### Given material
<<<<
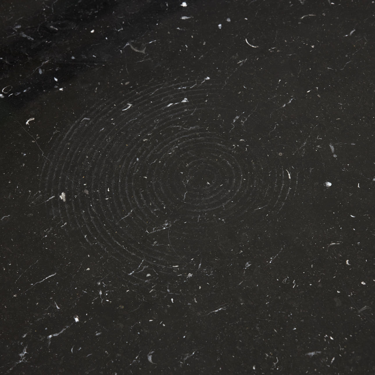 Skivan med flera nagg, skrapmärken och fläckar, bruks och åldersrelaterat slitage.
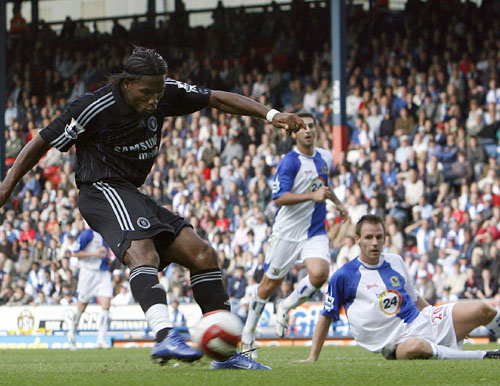 Chelsea's Didier Drogba (L) scores as Blackburn Rovers' Andre Ooijer (R) watches during their English Premier League soccer match at Ewood Park in Blackburn, northern England, August 27, 2006. [Reuters]
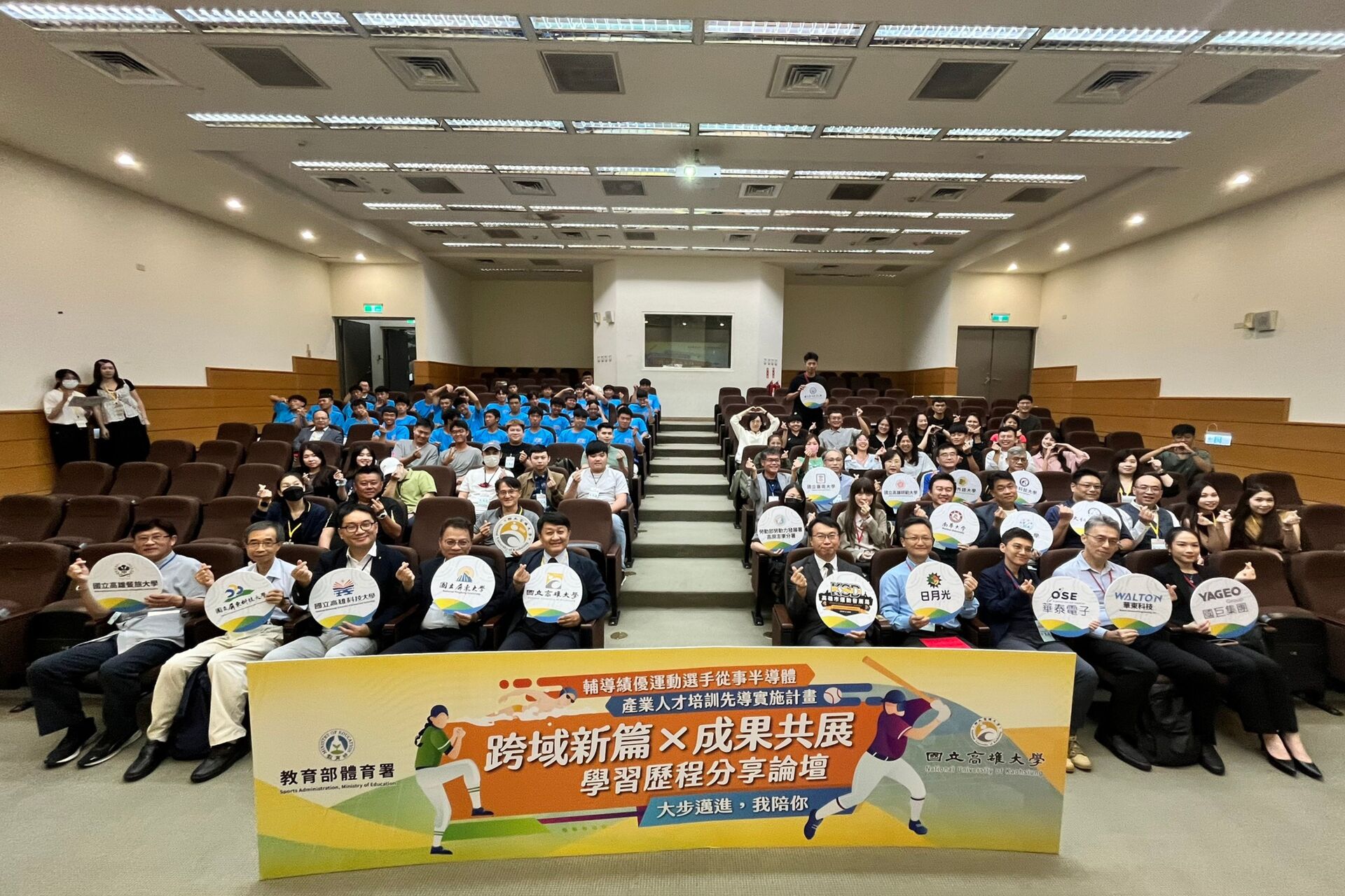 活動現場同步展示學員成果與紀錄影片,並安排全體與會代表合影留念,營造專業與溫馨兼具的交流氛圍。高雄大學長期致力於推動「跨域創新、產業鏈結、在地實踐、國際接軌」發展策略,未來將持續深化大學社會責任與多元職涯支持系統,協助更多運動員在人生轉場過程中發光發熱。
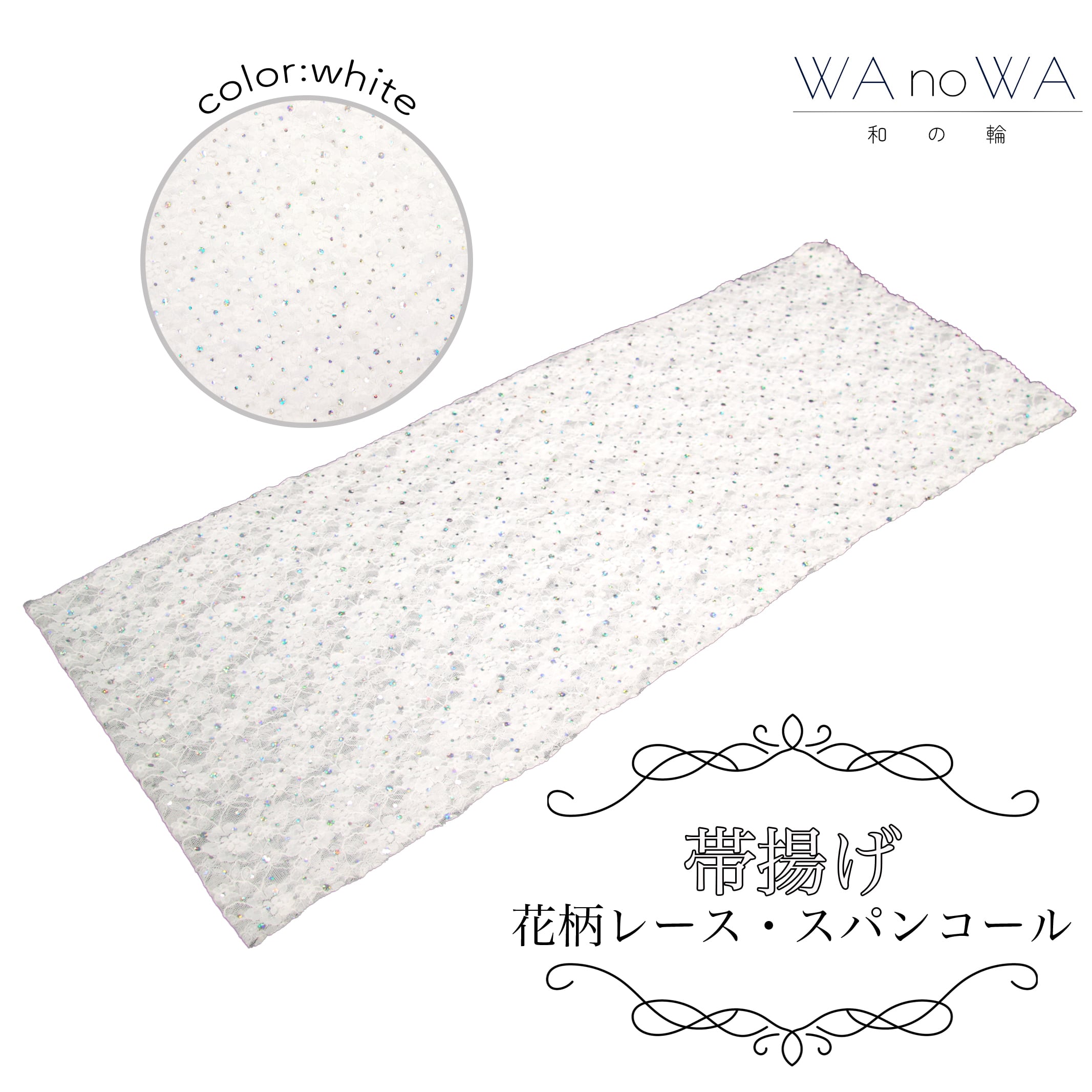 花柄レースにスパンコールがガーリーな帯揚げです。
>>>>
### Brief
In your reply, every line of the material should appear exactly as written, and no picture should.

### Output
 Skivan med flera nagg, skrapmärken och fläckar, bruks och åldersrelaterat slitage.
 Chelsea's Didier Drogba (L) scores as Blackburn Rovers' Andre Ooijer (R) watches during their English Premier League soccer match at Ewood Park in Blackburn, northern England, August 27, 2006. [Reuters]
 活動現場同步展示學員成果與紀錄影片,並安排全體與會代表合影留念,營造專業與溫馨兼具的交流氛圍。高雄大學長期致力於推動「跨域創新、產業鏈結、在地實踐、國際接軌」發展策略,未來將持續深化大學社會責任與多元職涯支持系統,協助更多運動員在人生轉場過程中發光發熱。
 花柄レースにスパンコールがガーリーな帯揚げです。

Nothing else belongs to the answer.